--- Materials provided Enclosed Below ---

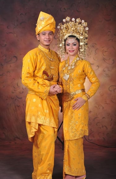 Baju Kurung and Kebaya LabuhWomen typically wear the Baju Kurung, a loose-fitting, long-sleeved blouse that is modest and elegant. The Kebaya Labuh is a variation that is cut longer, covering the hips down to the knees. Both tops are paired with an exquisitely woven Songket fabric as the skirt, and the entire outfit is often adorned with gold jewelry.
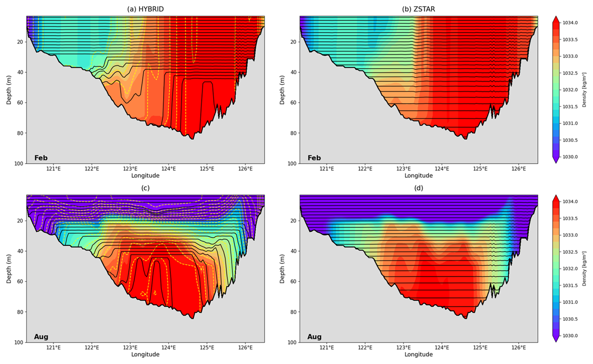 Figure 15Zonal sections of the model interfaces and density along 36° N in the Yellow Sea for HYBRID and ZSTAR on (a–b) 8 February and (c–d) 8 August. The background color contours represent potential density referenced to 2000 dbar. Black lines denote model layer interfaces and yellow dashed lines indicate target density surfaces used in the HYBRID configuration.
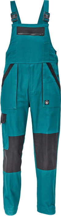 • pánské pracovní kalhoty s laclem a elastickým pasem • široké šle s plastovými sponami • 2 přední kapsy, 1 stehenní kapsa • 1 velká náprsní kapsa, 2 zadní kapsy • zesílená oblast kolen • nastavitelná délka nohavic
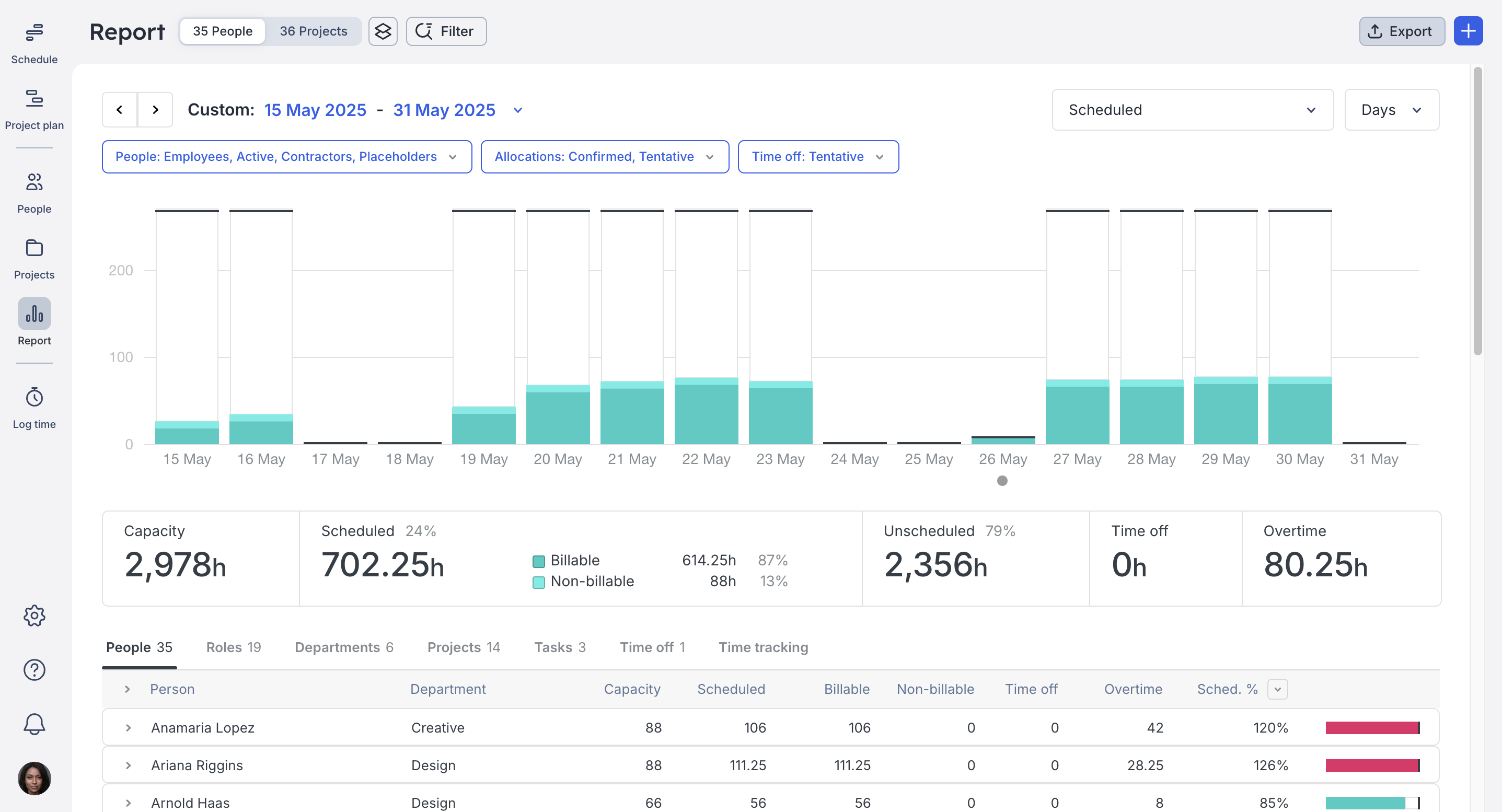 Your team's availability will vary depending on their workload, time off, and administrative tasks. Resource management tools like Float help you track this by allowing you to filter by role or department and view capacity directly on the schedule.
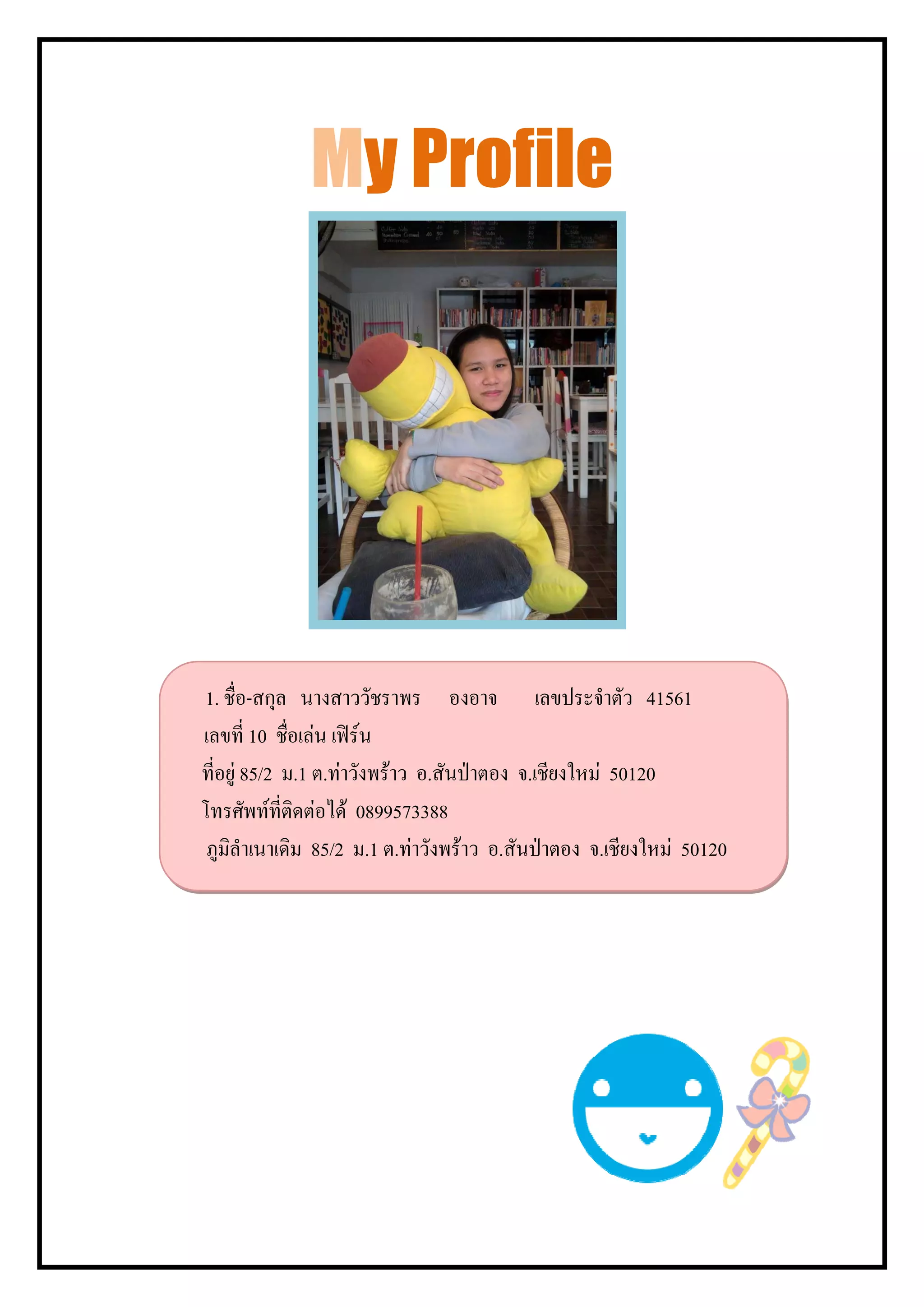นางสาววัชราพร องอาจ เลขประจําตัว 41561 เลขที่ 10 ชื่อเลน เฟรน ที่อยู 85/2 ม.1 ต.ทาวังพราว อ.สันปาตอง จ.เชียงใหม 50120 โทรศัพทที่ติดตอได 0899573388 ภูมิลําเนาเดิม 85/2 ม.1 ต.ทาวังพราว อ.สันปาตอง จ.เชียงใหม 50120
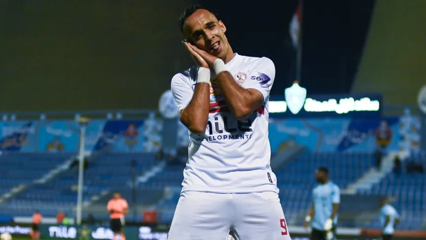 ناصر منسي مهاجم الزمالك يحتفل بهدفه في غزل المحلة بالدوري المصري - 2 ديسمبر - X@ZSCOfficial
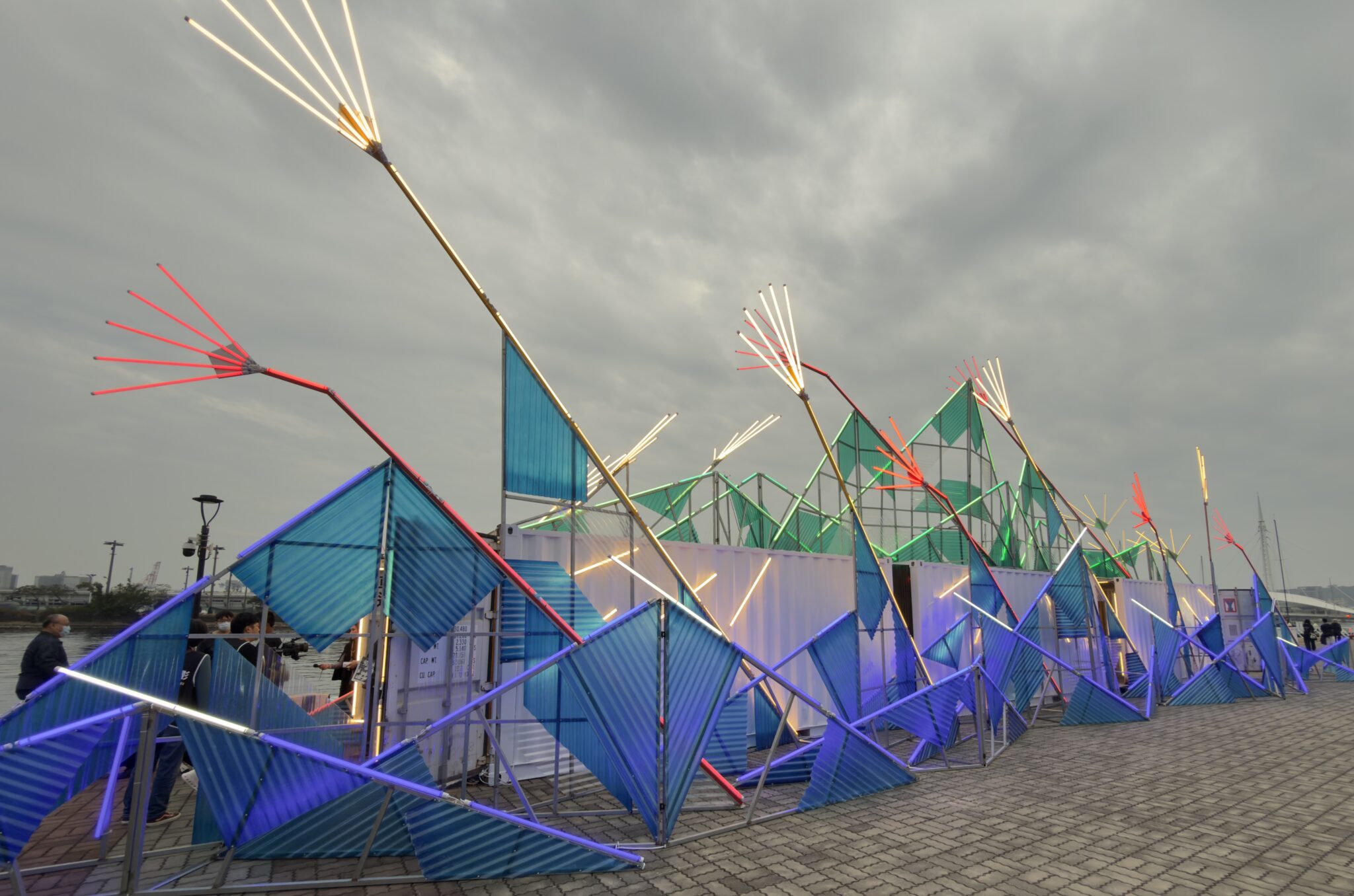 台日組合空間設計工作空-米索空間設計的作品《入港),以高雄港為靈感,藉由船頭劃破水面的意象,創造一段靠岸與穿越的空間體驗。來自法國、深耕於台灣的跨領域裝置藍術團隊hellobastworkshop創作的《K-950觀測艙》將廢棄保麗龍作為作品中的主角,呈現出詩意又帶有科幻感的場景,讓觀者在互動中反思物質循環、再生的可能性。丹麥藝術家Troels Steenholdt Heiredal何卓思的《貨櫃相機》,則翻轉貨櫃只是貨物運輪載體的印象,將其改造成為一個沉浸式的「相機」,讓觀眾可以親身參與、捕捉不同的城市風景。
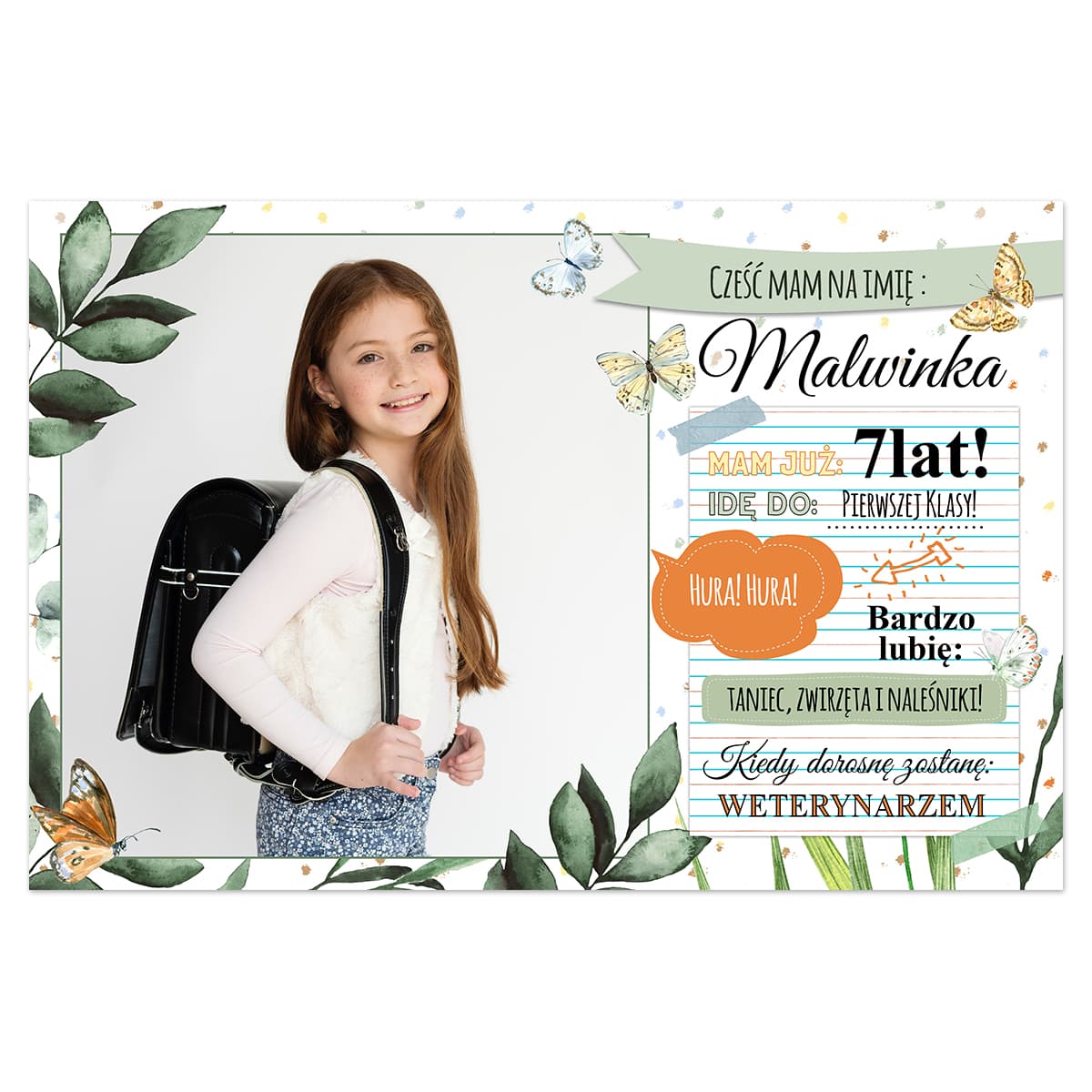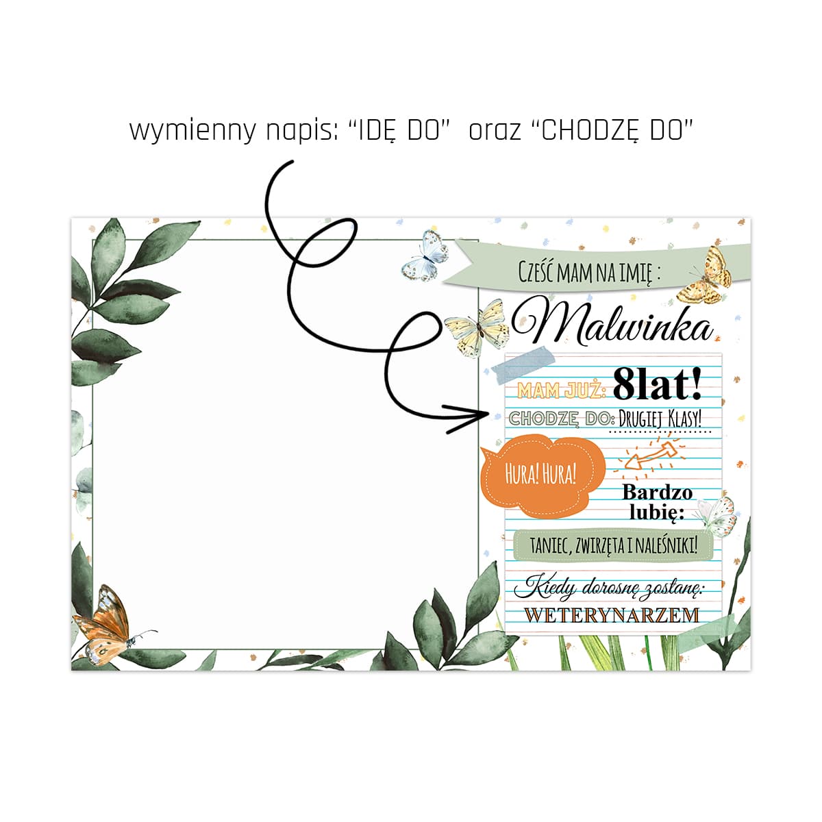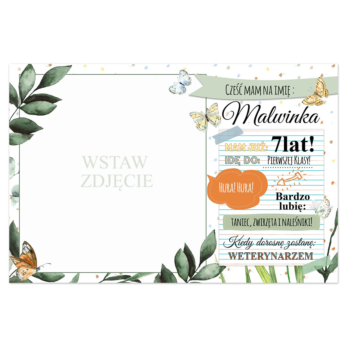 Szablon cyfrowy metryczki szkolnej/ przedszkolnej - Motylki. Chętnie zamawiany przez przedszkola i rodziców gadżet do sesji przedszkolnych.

--- End of Enclosed Materials provided ---

[Exercise aim]: Nothing should appear in the answer except the lines from the one containing "นางสาววัชราพร องอาจ เลขประจําตัว" through the last line of the listing, given again exactly and with no pictures.

[Written solution]:
นางสาววัชราพร องอาจ เลขประจําตัว 41561 เลขที่ 10 ชื่อเลน เฟรน ที่อยู 85/2 ม.1 ต.ทาวังพราว อ.สันปาตอง จ.เชียงใหม 50120 โทรศัพทที่ติดตอได 0899573388 ภูมิลําเนาเดิม 85/2 ม.1 ต.ทาวังพราว อ.สันปาตอง จ.เชียงใหม 50120
 ناصر منسي مهاجم الزمالك يحتفل بهدفه في غزل المحلة بالدوري المصري - 2 ديسمبر - X@ZSCOfficial
 台日組合空間設計工作空-米索空間設計的作品《入港),以高雄港為靈感,藉由船頭劃破水面的意象,創造一段靠岸與穿越的空間體驗。來自法國、深耕於台灣的跨領域裝置藍術團隊hellobastworkshop創作的《K-950觀測艙》將廢棄保麗龍作為作品中的主角,呈現出詩意又帶有科幻感的場景,讓觀者在互動中反思物質循環、再生的可能性。丹麥藝術家Troels Steenholdt Heiredal何卓思的《貨櫃相機》,則翻轉貨櫃只是貨物運輪載體的印象,將其改造成為一個沉浸式的「相機」,讓觀眾可以親身參與、捕捉不同的城市風景。
 Szablon cyfrowy metryczki szkolnej/ przedszkolnej - Motylki. Chętnie zamawiany przez przedszkola i rodziców gadżet do sesji przedszkolnych.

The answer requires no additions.